• **ASSIGNED TASK**:
Going line by line through the records below, write out everything starting with the line containing "من قماش الروزمير" and going on through the line containing "和浦鸡翅中500g每袋生鲜无抗养殖0激素0抗生素好鸡肉好品质放心吃", exactly and inclusively. Pictures do not go in.

• **EXTRACTED INFORMATION**:
================================

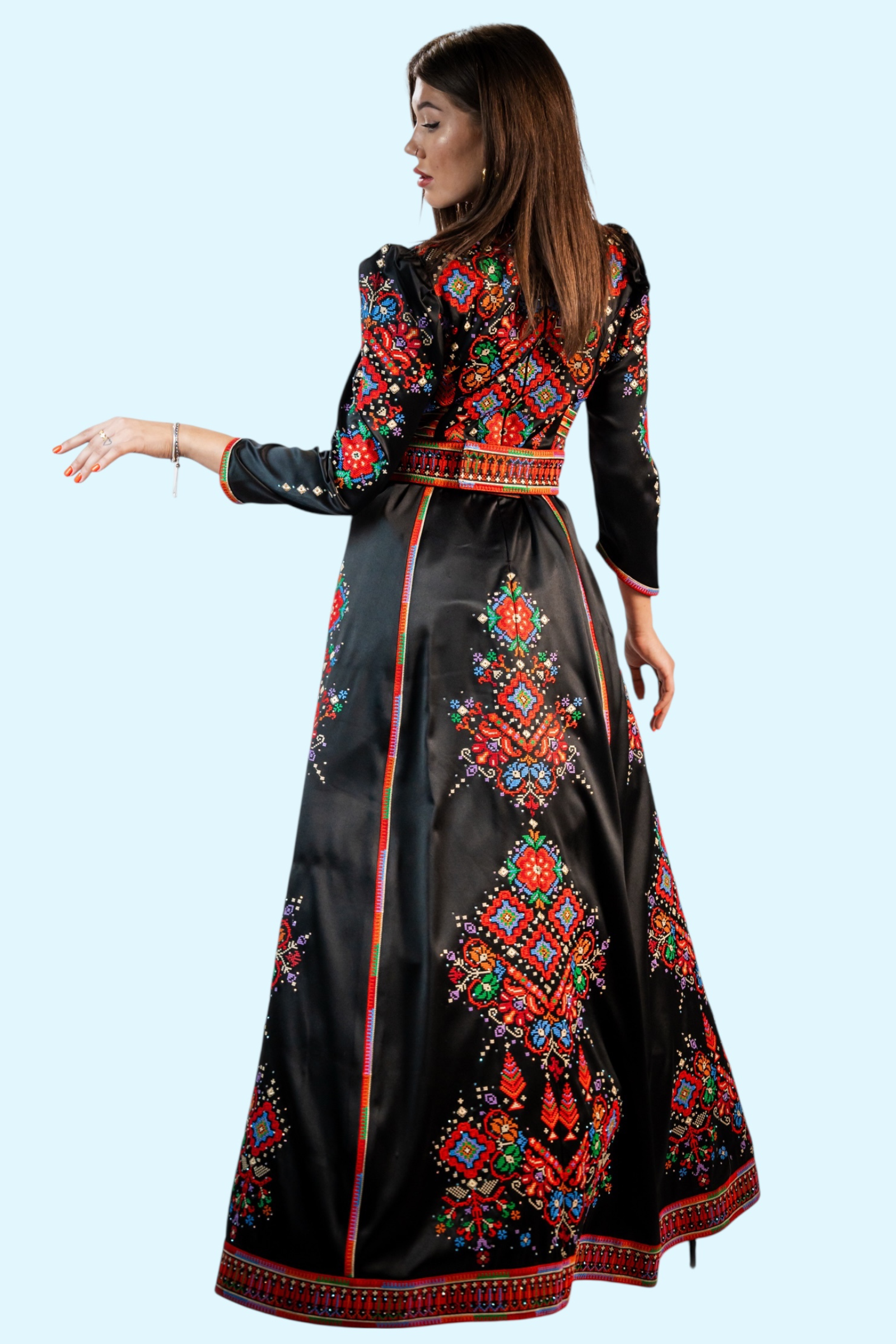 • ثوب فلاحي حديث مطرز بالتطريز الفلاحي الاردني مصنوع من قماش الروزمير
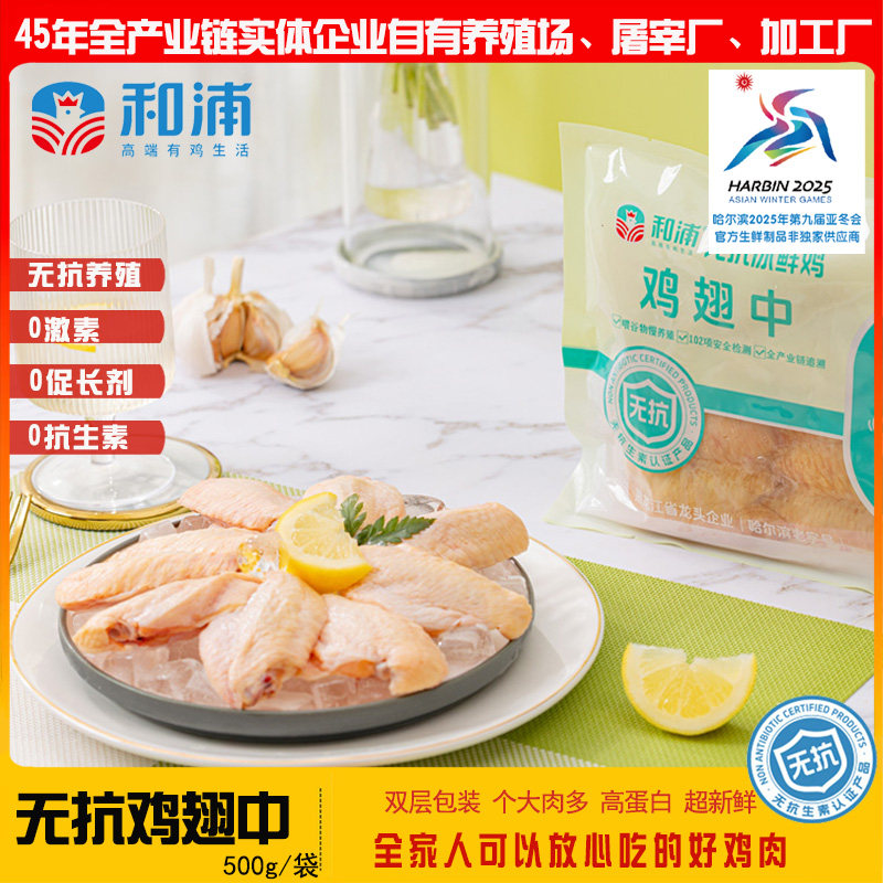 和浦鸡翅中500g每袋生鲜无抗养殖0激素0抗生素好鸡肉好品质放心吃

================================

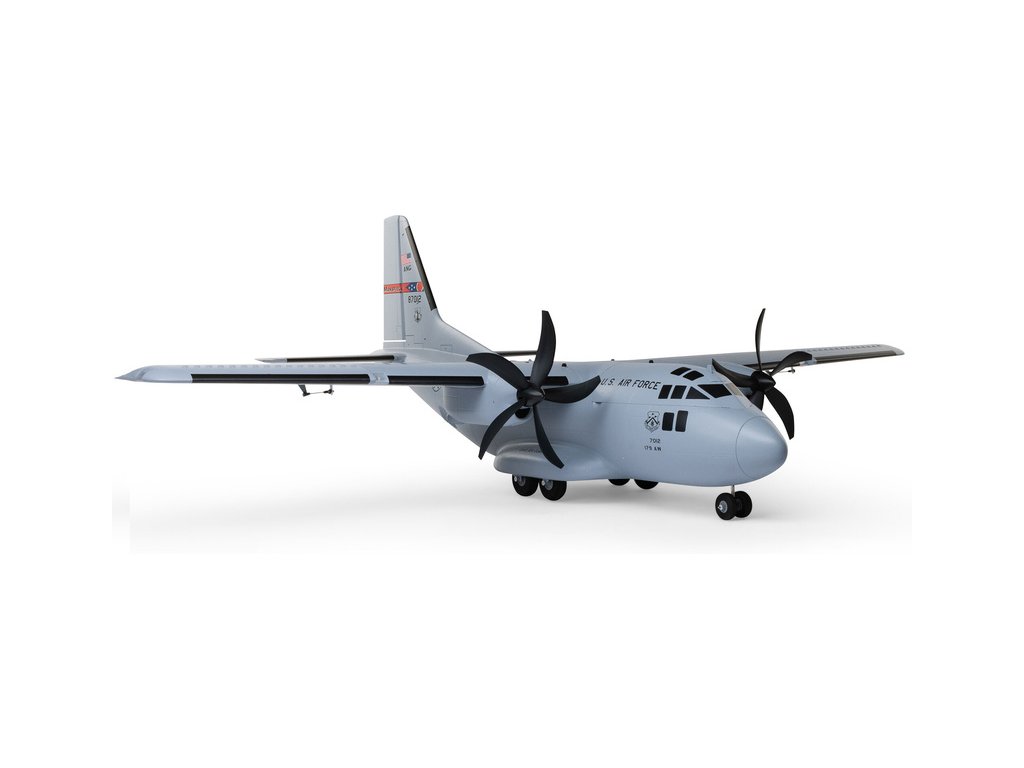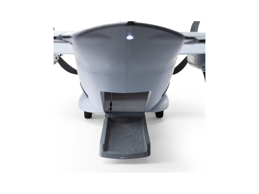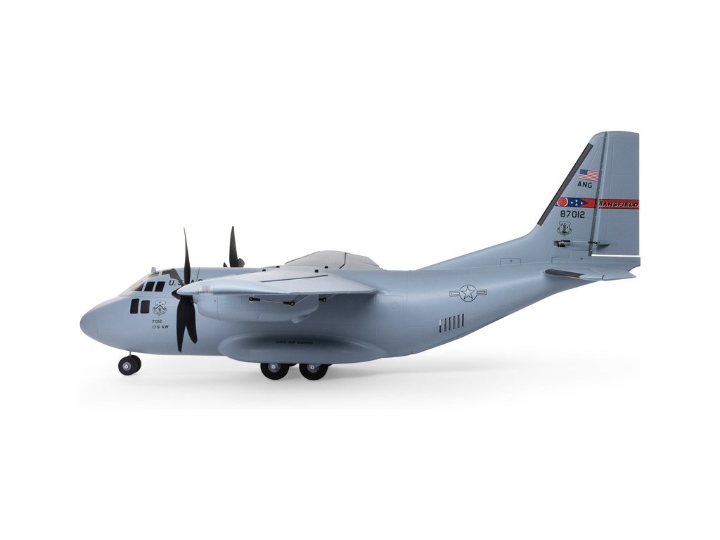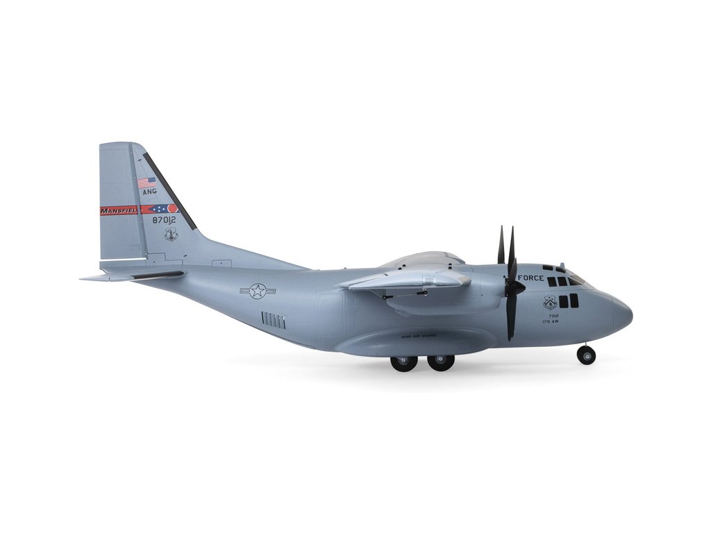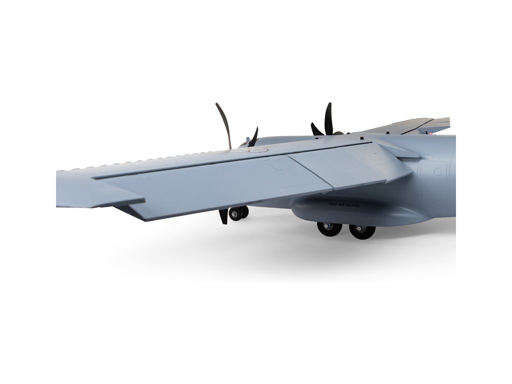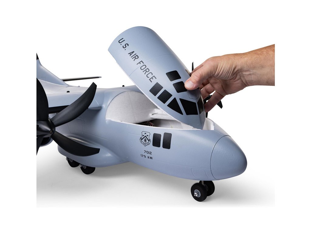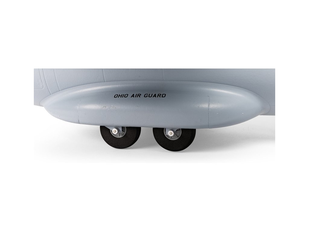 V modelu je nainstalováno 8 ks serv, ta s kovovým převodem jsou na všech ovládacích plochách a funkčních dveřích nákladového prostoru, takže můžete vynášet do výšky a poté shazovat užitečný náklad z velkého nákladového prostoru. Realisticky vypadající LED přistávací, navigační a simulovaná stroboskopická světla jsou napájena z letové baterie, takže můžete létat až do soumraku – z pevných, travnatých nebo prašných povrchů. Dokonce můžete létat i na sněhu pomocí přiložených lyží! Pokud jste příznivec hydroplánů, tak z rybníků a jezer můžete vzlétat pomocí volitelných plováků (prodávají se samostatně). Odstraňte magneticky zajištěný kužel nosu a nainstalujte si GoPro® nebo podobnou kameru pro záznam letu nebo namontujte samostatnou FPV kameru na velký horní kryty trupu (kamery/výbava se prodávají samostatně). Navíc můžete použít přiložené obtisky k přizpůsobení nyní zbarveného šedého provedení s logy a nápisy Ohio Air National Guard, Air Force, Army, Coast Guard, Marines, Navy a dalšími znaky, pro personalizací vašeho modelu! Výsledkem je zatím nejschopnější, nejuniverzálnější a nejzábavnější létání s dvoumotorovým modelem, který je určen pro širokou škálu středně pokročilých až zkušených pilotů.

================================

• **SOLUTION**:
 • ثوب فلاحي حديث مطرز بالتطريز الفلاحي الاردني مصنوع من قماش الروزمير
 和浦鸡翅中500g每袋生鲜无抗养殖0激素0抗生素好鸡肉好品质放心吃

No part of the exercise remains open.